The WSCIJ with support from its partner, Free Press Unlimited, carried out a survey between August and September to capture the successes, challenges and impact of the Report Women! Female Reporters Leadership Programme, toward improving the programme in future as more collaborators get on board. Findings from the survey revealed that the project, which has accrued over 1,200 direct and indirect beneficiaries, has achieved its goal exceptionally, having equipped fellows with knowledge and capability for leadership with evidence of increased visibility for the fellows as leaders in their newsrooms as well as changed news organisations’ perception about female leadership and the representation of the voice of women as leaders in news reports among other successes.
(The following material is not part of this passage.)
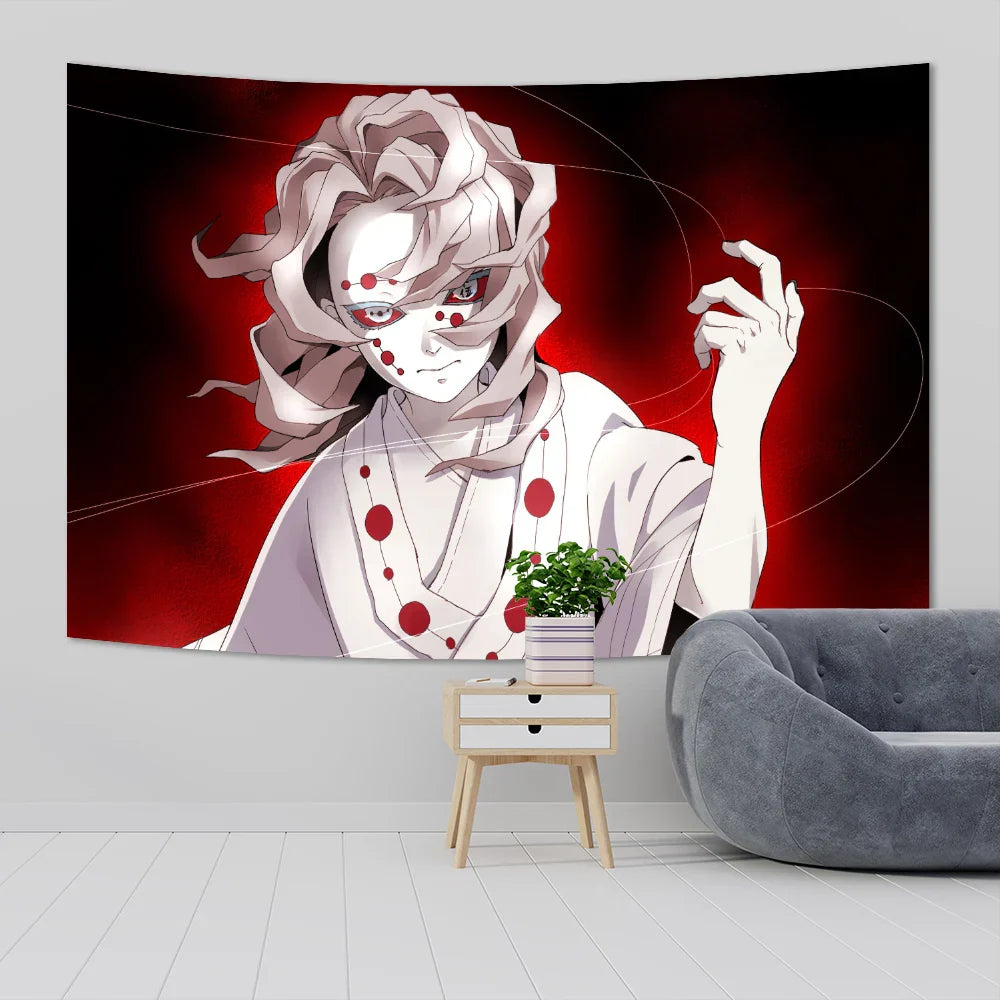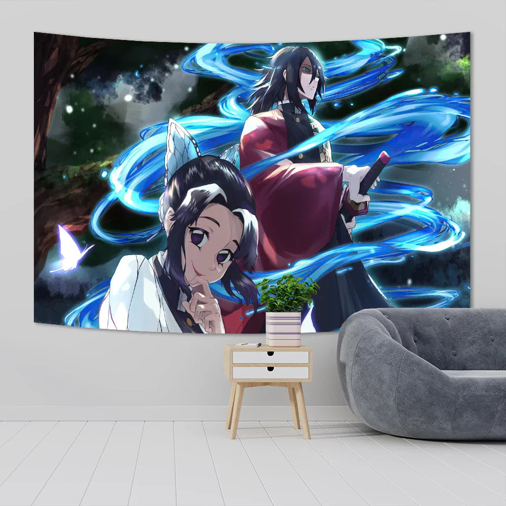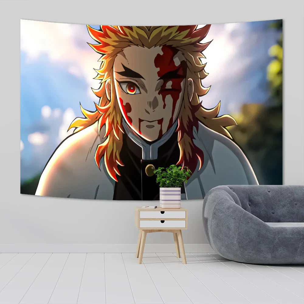 Indulge in the intricate details of this mesmerizing tapestry, featuring vibrant colors and striking imagery that will transport you to a world of demons and demon slayers. The quality craftsmanship ensures durability, making it a lasting addition to your decor.

In October, the WSCIJ played an active part at the 2020 edition of the African Investigative Journalism Conference, with its Executive Director/CEO, Motunrayo Alaka, and some past winners of its award programme, including Fisayo Soyombo, Adekunle Yusuf and Sharon Ijasan, taking up speaking roles at the largest gathering of investigative journalists on the continent. In fulfillment of its commitment towards facilitating international exposure for Soyinka Laureates the centre also sponsored its Wole Soyinka Award for Investigative Reporting (WSAIR) laureates providing access to a full conference package (all sessions).

Still in October, the WSCIJ commissioned three stories as a fallout of the N2 million grant awarded the 2019 runner-up of the Wole Soyinka Award for Investigative Journalism for the television category, Sharon Ijasan, to develop a compendium on child labour and its underlying problems in Nigeria.

December was particularly a busy time at the centre. The WSCIJ held a virtual meeting on on Friday, 4 December with reporters and mentors for a COVID-19 media and access to information project under its Free to Share initiative. The project implemented with support from Free Press Unlimited provides support to journalists and media houses in Nigeria to inform, educate, and debunk misinformation to members of the public about the coronavirus pandemic and its impact on livelihoods through the production of quality public interest content.

Also, in December, the fifteenth edition of the centre’s annual flagship programme, the Wole Soyinka Award for Investigative Reporting, took place, beginning with a two-day In-depth Media Conference themed, ‘Masked not silenced’, where it was asserted that the Nigerian media cannot be silenced, nor its independence diminished by oppression from government, economic challenges, or other trials.

In spite of the pandemic, we trained 267 journalists from 85 media houses through our various programmes, engaged 31 resource persons, and enabled 121 stories through the COVID-19 Reality Check, Child Labour and Free to Share projects. We also rewarded 8 investigative reporters in the year.